В Шанхае первое, что невольно обратило мое внимание, было грубое, чтоб не сказать зверское обращение европейцев с сынами приютившего их Срединного царства. Лодочник, который довез меня с парохода до пресловутого «Astor-house'a»[83 - «Astor-house» – гостиница «Астор».], требовал уплаты, и так как у меня не было мелочи, то я поручил хозяину гостиницы удовлетворить его, то есть дать ему условленные два шиллинга. Китайцу я показал при этом два пальца и особу хозяина, за которым тот и последовал, понимая, в чем дело.
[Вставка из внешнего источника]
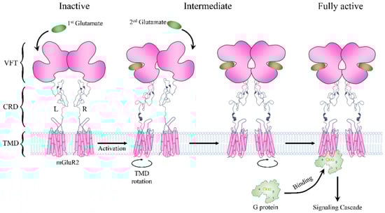 The metabotropic glutamate receptors (mGluRs) are archetypal class C GPCRs containing eight members (mGluR1-8) []. Like other GPCRs, mGluRs contain TMDs consisting of seven helices. Their distinctive structural features are the large ECD, consisting of a Venus fly trap (VFT) part and a cysteine-rich domain (CRD), and an obligated constitutive dimer for receptor activation (Figure 3) []. A VFT domain consists of two lobes that sit one atop the other, and agonists bind in a cleft between them (Figure 3) []. In the absence of glutamate, the mGluR2 dimer remains in an inactivate state that involves an asymmetric interface. The VFD domains of the receptor adopt an open conformation. Once the glutamate binds to the VFT domain, it can induce a substantial compaction of the receptor dimer, and the VFT and the CRD domain move close to their counterparts in the other subunit. Then, signals are delivered to the TMDs, leading to the rotation of the two TMDs and generating a dimer interface along with helix VI (Figure 3) [,]. Two glutamate signal molecules are required for the full activity of an mGluR dimer. Moreover, to facilitate G-protein coupling, the TMDs undergo a further movement to introduce an asymmetric dimer interface. However, only one TMD is responsible for G-protein binding, which suggests an asymmetric signal transduction mode in mGluRs (Figure 3) [,]. The structural basis of the mode is that the simultaneous activation of both TMDs in the dimer and the binding of two G proteins would result in a severe clash []. However, currently, it is not clear which TMD would bind to the G protein and transmit the signal. Considering that mGluRs are widely expressed in neurons and astrocytes and are responsible for neural signaling [], the asymmetric activation mode may originate from the need to verify input signals, thus avoiding the abnormal activation of neuronal cells.

Но каково же было мое удивление и отчасти негодование, когда через три-четыре минуты я увидел моего лодочника спасающимся во все лопатки от «директора» гостиницы, который, оттаскав его за косу, гнался еще за ним с бильярдным кием, нанося по временам удары.
– В чем дело? – А в том, что китаец требовал двух шиллингов, а мистер Смит давал ему две какие-то дрянненькие мелкие монеты, находя, что с него и этого за глаза довольно и что «баловать эту сволочь» не следует. Последовал спор, конец которого я и наблюдал из окна. Так как действительной причины побоища я в ту минуту не знал, то и не принял никаких мер к вознаграждению побитого китайца. Через полчаса же, когда дело было мне объяснено одним соседом за столом и бывшим пассажиром на «Нью-Йорке», поправлять было поздно: китаец исчез бесследно. Я думал сначала, не принес ли он жалобы на мистера Смита, да и на меня подлежащим консулам, но ничего подобного не было. «Небесные» хозяева страны уже привыкли, точнее были приучены не тратить понапрасну времени на попытки жаловаться консулам, из опасения, что те к полученным уже ударам прибавят еще несколько новых или добьются от китайской администрации посажения жалующегося на цепь, с деревянной доской на шее, у ворот обидчика. Это-то ведь и называется у европейцев в китайских портах «внушением варварам уважения к представителям европейской цивилизации и их интересам…» Любопытно, что мне в счет хозяин «Astor-house'a» поставил два полных шиллинга, вероятно, чтоб вознаградить себя за труд по исправлению китайца от алчности.
На другой день по приезде в Шанхай я отправился в русское консульство справиться: не получен ли там для меня вексель? Ведь был уже август по новому стилю. В консульстве, которое, в сущности, было американским домом Герда под русским флагом для внушения вящего уважения к богатому хозяину, мне сказали, что нет. Тогда пришлось, с первого же шага на китайскую почву, стать в неприятное положение и просить вице-консула Диксвелла открыть мне кредит долларов на триста, которые он мог покрыть тотчас по получении моего векселя, который не мог миновать его рук. Деньги были даны, но и немедленно же был принят высокомерный тон, дошедший до того, что торгаш-янки не отдал мне визита и даже не спросил: думаю ли я жить в Шанхае или отправляюсь куда-нибудь далее? Для сношений со своей важною особою он указал мне одного из своих конторских писцов, уроженца Финляндии и бывшего боцмана на каком-то «российском» корабле, заходившем в Шанхай… Нетрудно было догадаться, что этот тон был предписан ему свыше, не только из Пекина, но из самого Петербурга. Это отзывались обстоятельства, предшествовавшие моей командировке.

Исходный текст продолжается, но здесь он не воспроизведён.